An exact copy of the entries below is required, with all pictures removed.

[Records from a dataset]
+ + +
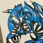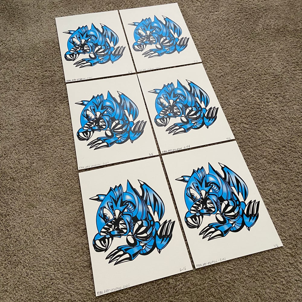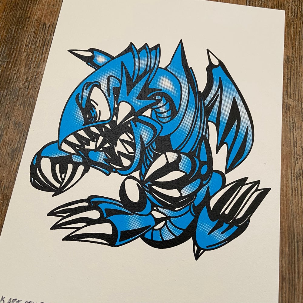 2 color art print of a blue eyes toon dragon from Yu-GI-Oh
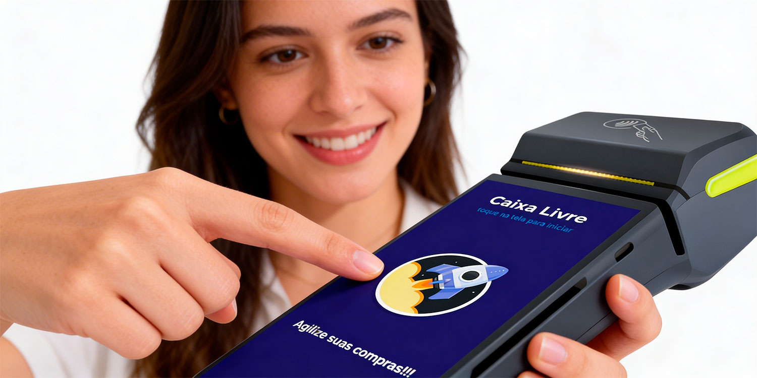 A própria maquininha pode operar em modo de autoatendimento, permitindo que o cliente finalize o pagamento diretamente no equipamento.
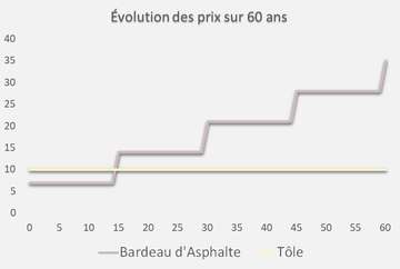 Voici un exemple qui illustre bien le principe: les bardeaux d’asphalte, assez abordables mais moins durables et hautement polluants, ont une durée de vie limitée à 15 ans*, environ. Eh oui, la garantie à vie annoncée sur les paquets est limitée, et elle se limite à 20 ans. Mais la plupart des toitures sont soumises à rude épreuve avec les éléments et vieillissent prématurément: un ensoleillement extrême sur la pente orientée au sud qui fait sécher et se recroqueviller le bardeau, par exemple... Il est vrai que depuis l'arrivée des bardeaux à fibres de verre, la durée de vie est plus intéressante, soit plus de 25 ans, mais la recyclabilité est nulle et même les rejets de production sont envoyés à l'élimination.
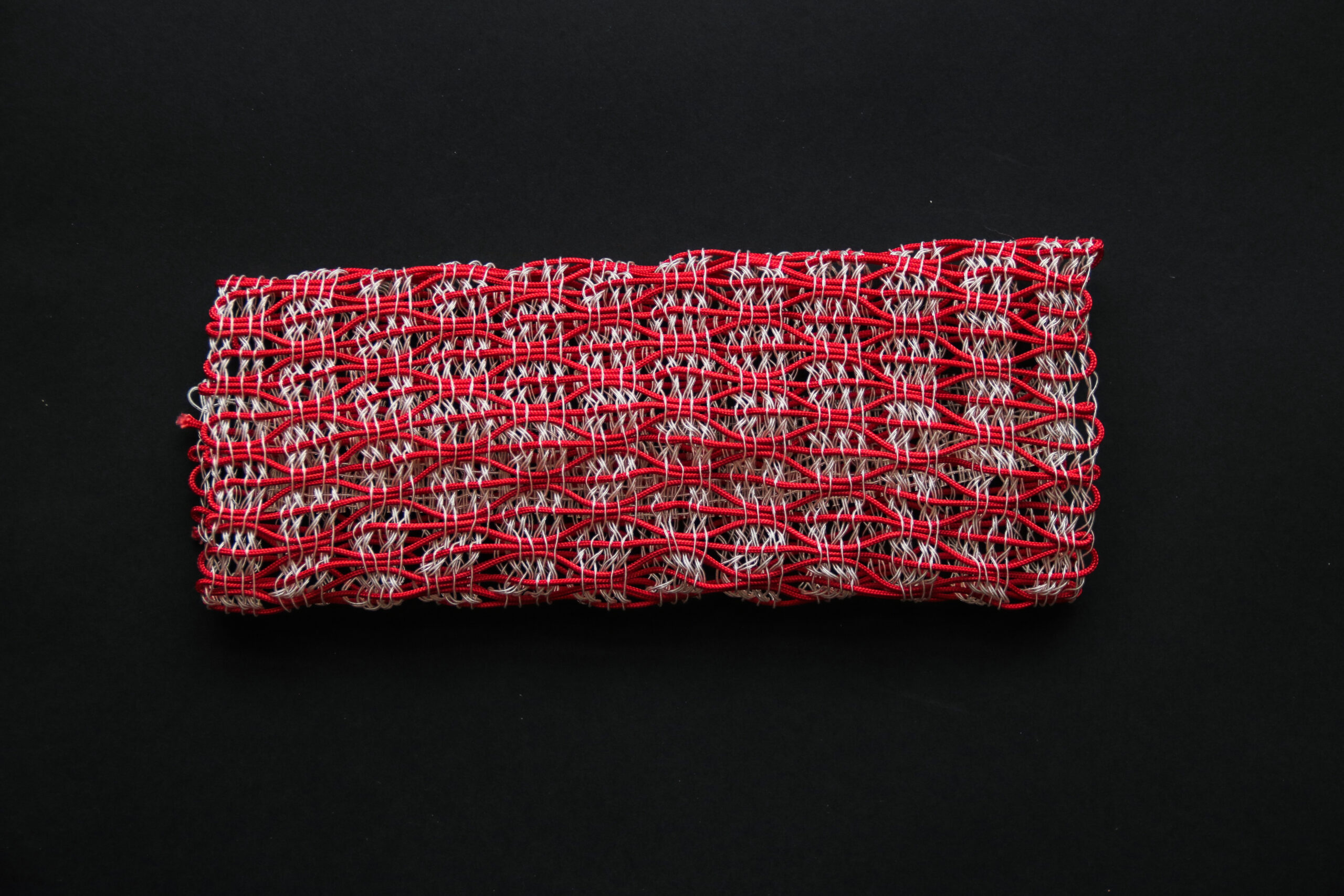 The sample is made at Kolding Design School during a Craft Hub residency in January 2023. With skilled weavers from Scotland, Ireland, Italy and Denmark.
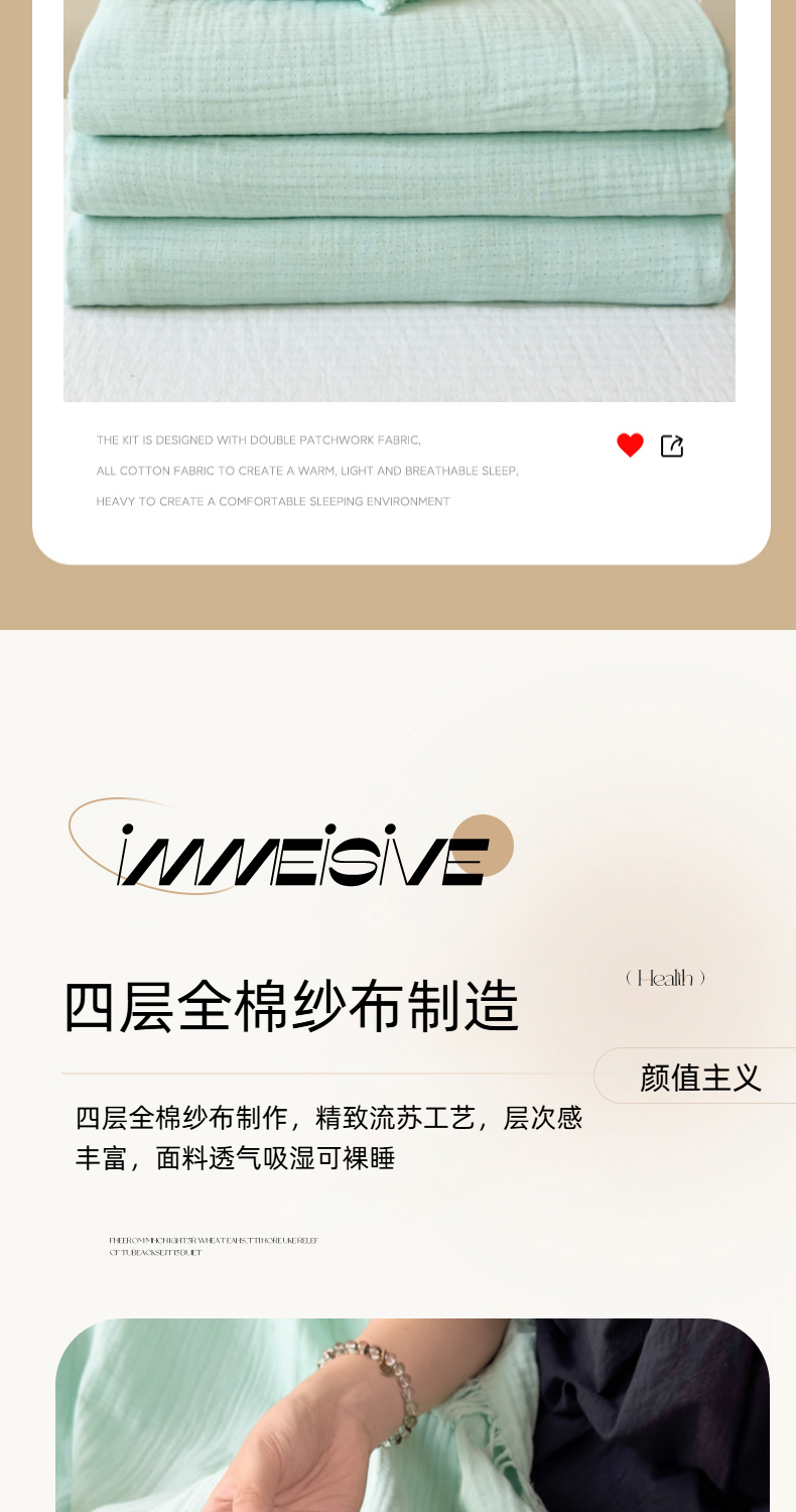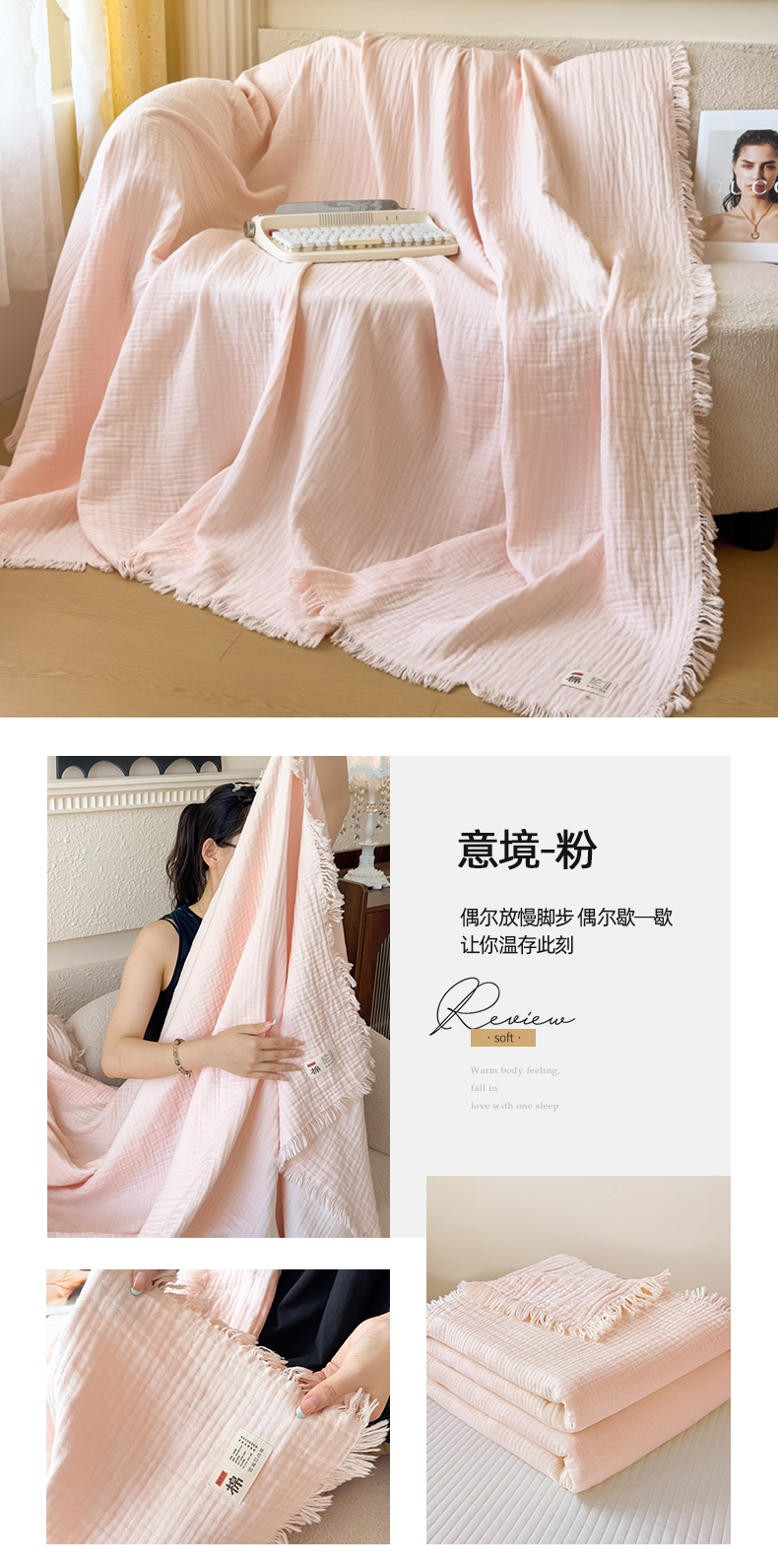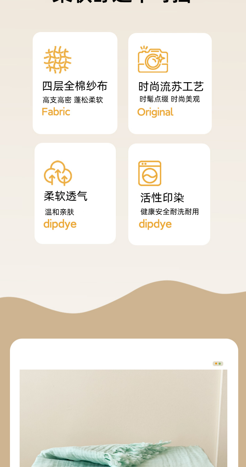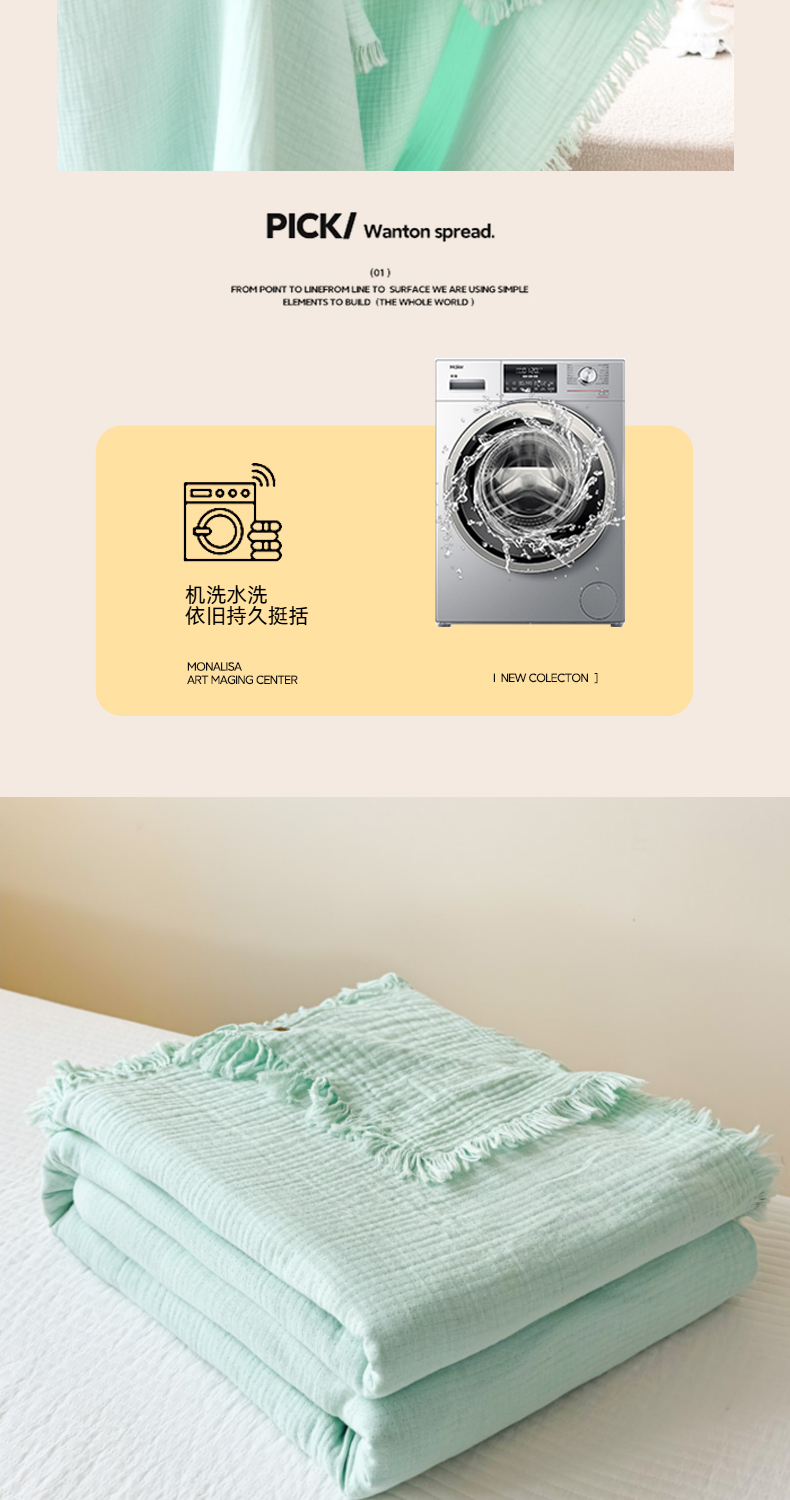 商品名称:悦然毛巾被 2025新款全棉纯棉四层纱布流苏毯毛巾被 意境系列 意境-绿
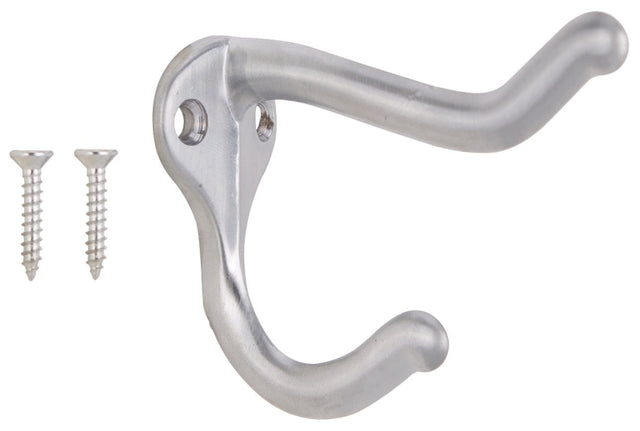 ProSource H62-B075 Coat and Hat Hook, 22 lb, 2-Hook, 1 in Opening, Zinc, Satin Chrome
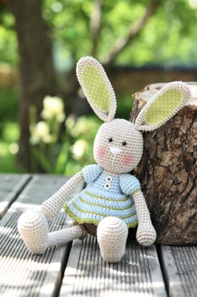 Frilly-pants Bunny is a sweet and gleeful bunny – the best companion for little girls to travel through their childhood. She`s wearing a non-removable striped dress with puffed sleeves and cute pants with frills. Tiny buttons on her dress and fabric patches covering her ears make her really special.
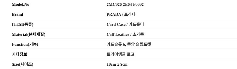 프라다 2MC025 2E54 F0002 그레인 트라이앵글 로고 카드지갑
+ + +
-- Response area --
 2 color art print of a blue eyes toon dragon from Yu-GI-Oh
 A própria maquininha pode operar em modo de autoatendimento, permitindo que o cliente finalize o pagamento diretamente no equipamento.
 Voici un exemple qui illustre bien le principe: les bardeaux d’asphalte, assez abordables mais moins durables et hautement polluants, ont une durée de vie limitée à 15 ans*, environ. Eh oui, la garantie à vie annoncée sur les paquets est limitée, et elle se limite à 20 ans. Mais la plupart des toitures sont soumises à rude épreuve avec les éléments et vieillissent prématurément: un ensoleillement extrême sur la pente orientée au sud qui fait sécher et se recroqueviller le bardeau, par exemple... Il est vrai que depuis l'arrivée des bardeaux à fibres de verre, la durée de vie est plus intéressante, soit plus de 25 ans, mais la recyclabilité est nulle et même les rejets de production sont envoyés à l'élimination.
 The sample is made at Kolding Design School during a Craft Hub residency in January 2023. With skilled weavers from Scotland, Ireland, Italy and Denmark.
 商品名称:悦然毛巾被 2025新款全棉纯棉四层纱布流苏毯毛巾被 意境系列 意境-绿
 ProSource H62-B075 Coat and Hat Hook, 22 lb, 2-Hook, 1 in Opening, Zinc, Satin Chrome
 Frilly-pants Bunny is a sweet and gleeful bunny – the best companion for little girls to travel through their childhood. She`s wearing a non-removable striped dress with puffed sleeves and cute pants with frills. Tiny buttons on her dress and fabric patches covering her ears make her really special.
 프라다 2MC025 2E54 F0002 그레인 트라이앵글 로고 카드지갑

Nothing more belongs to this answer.